[PROBLEM DESCRIPTION]
Take the line that contains "Sürücünün araçta sıkışarak" and each one after it through the last line below, and retype them exactly. Leave out the pictures.
(MATERIAL TO PROCESS Opens)
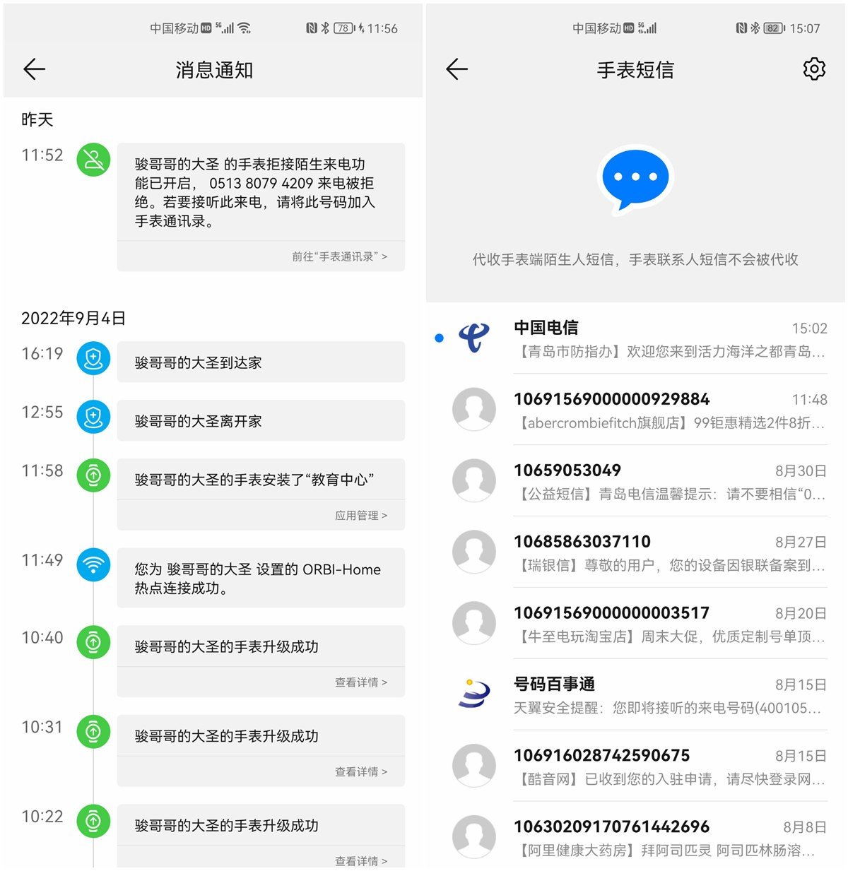 像日常的骚扰电话和短信,手表也会自动拦截,用户可在手机端后台查看。
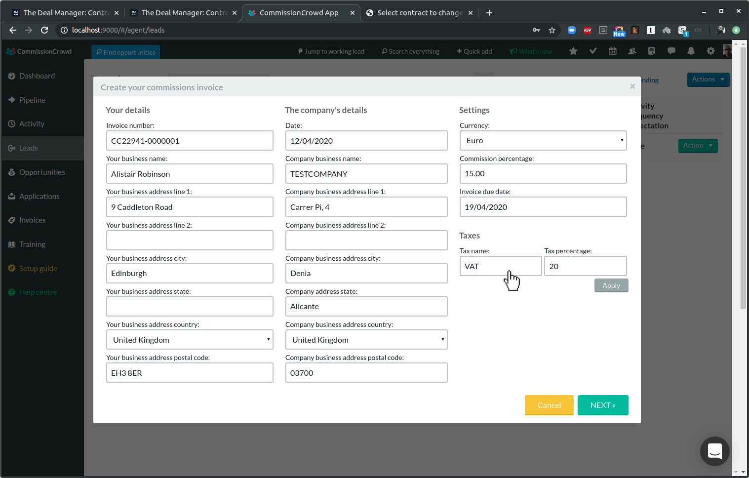 The first step in creating the invoice is the form shown above, which will be pre-populated, but which you can edit if necessary. The one thing you may have to add here is tax, e.g., VAT, IVA, etc. You can add multiple taxes here if necessary. Make sure you click Apply to make the tax available for the invoice in the next screen.
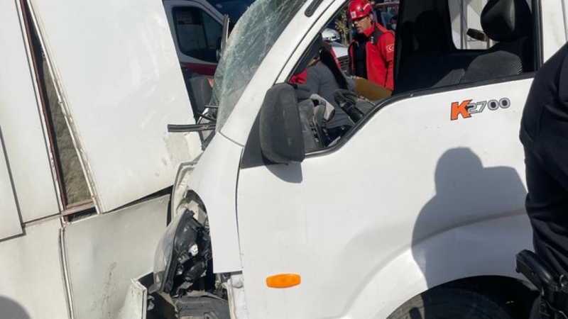 Sürücünün araçta sıkışarak yaralandığı kaza yerine sağlık, polis ve itfaiye ekipleri sevk edildi.
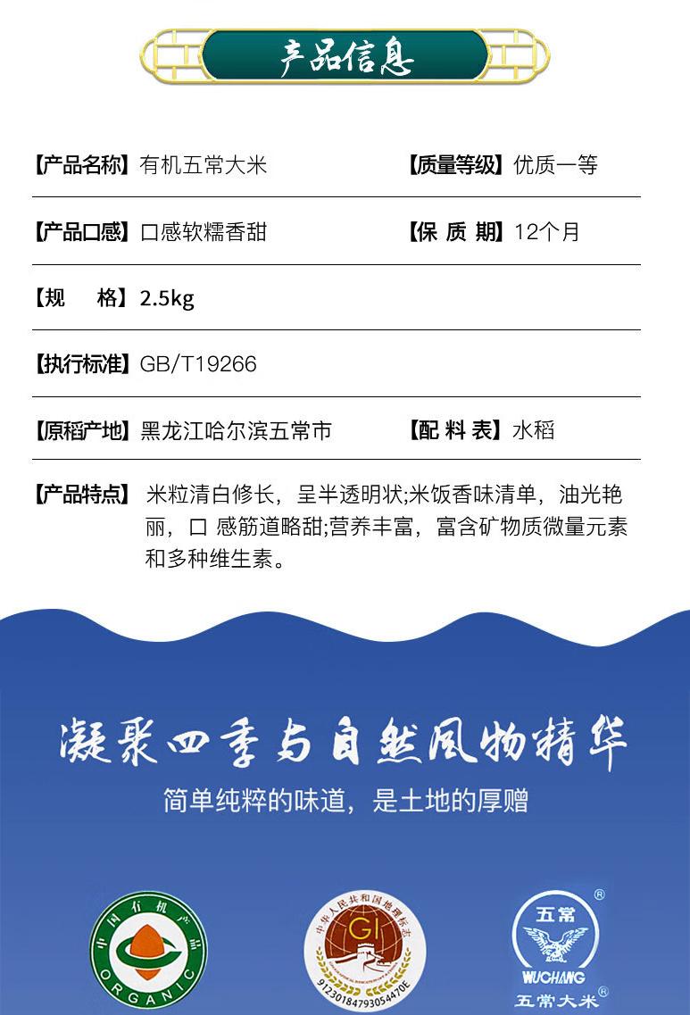 【国安农业出品】信农宜食东北有机五常大米2.5kg(原粮稻花香2号)
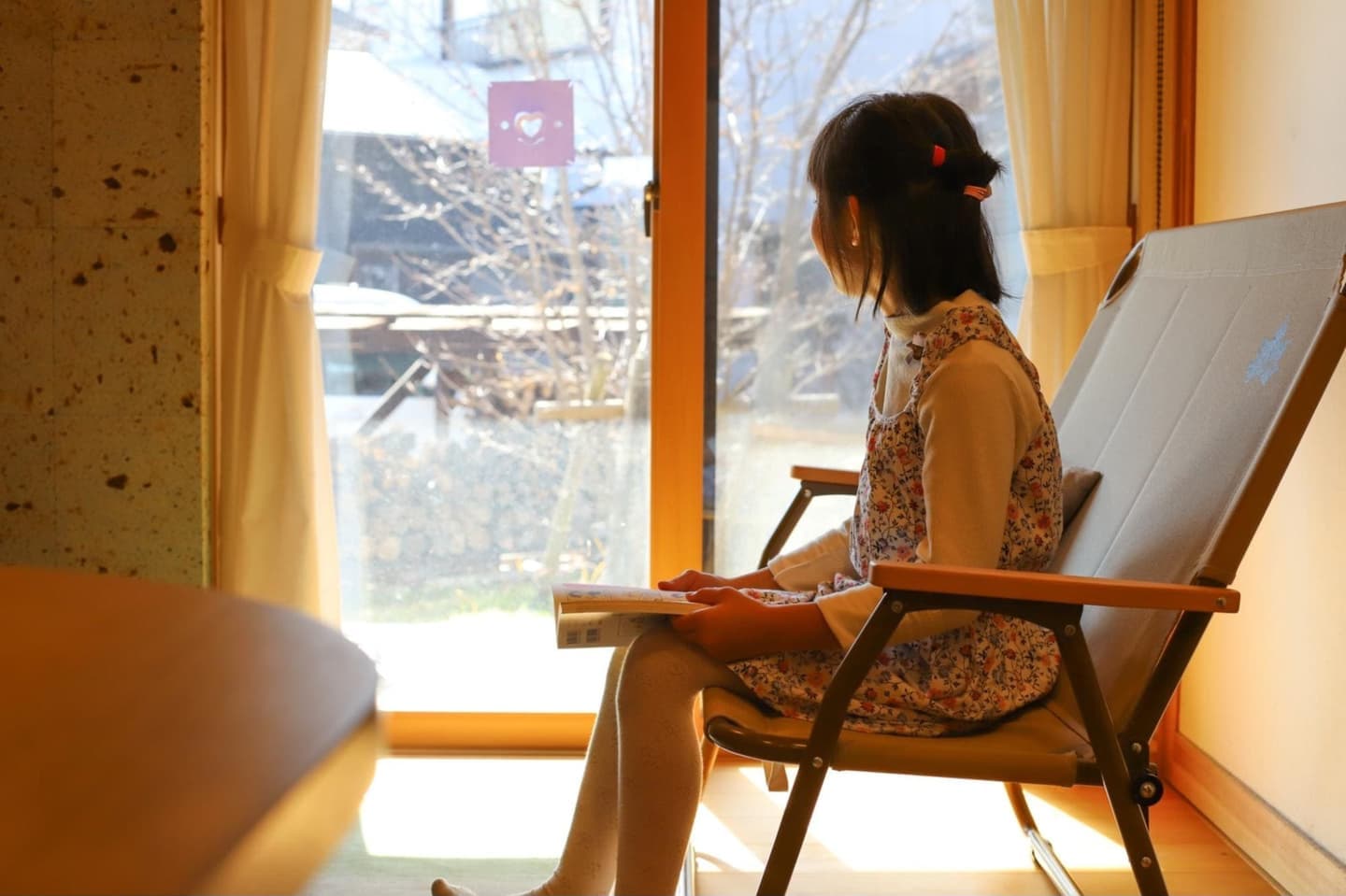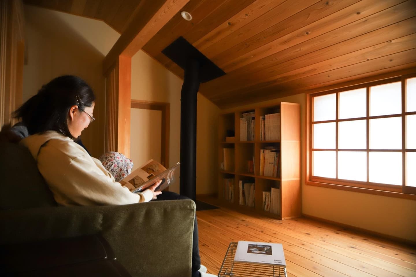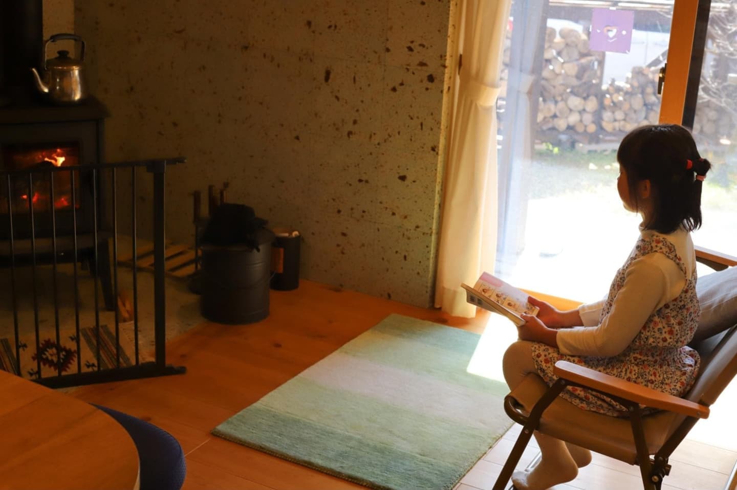 お庭と薪ストーブを眺める特等席で、本を読むのが楽しいという娘さん。
(MATERIAL TO PROCESS Closes)
[OUTPUT OF THE TASK]
 Sürücünün araçta sıkışarak yaralandığı kaza yerine sağlık, polis ve itfaiye ekipleri sevk edildi.
 【国安农业出品】信农宜食东北有机五常大米2.5kg(原粮稻花香2号)
 お庭と薪ストーブを眺める特等席で、本を読むのが楽しいという娘さん。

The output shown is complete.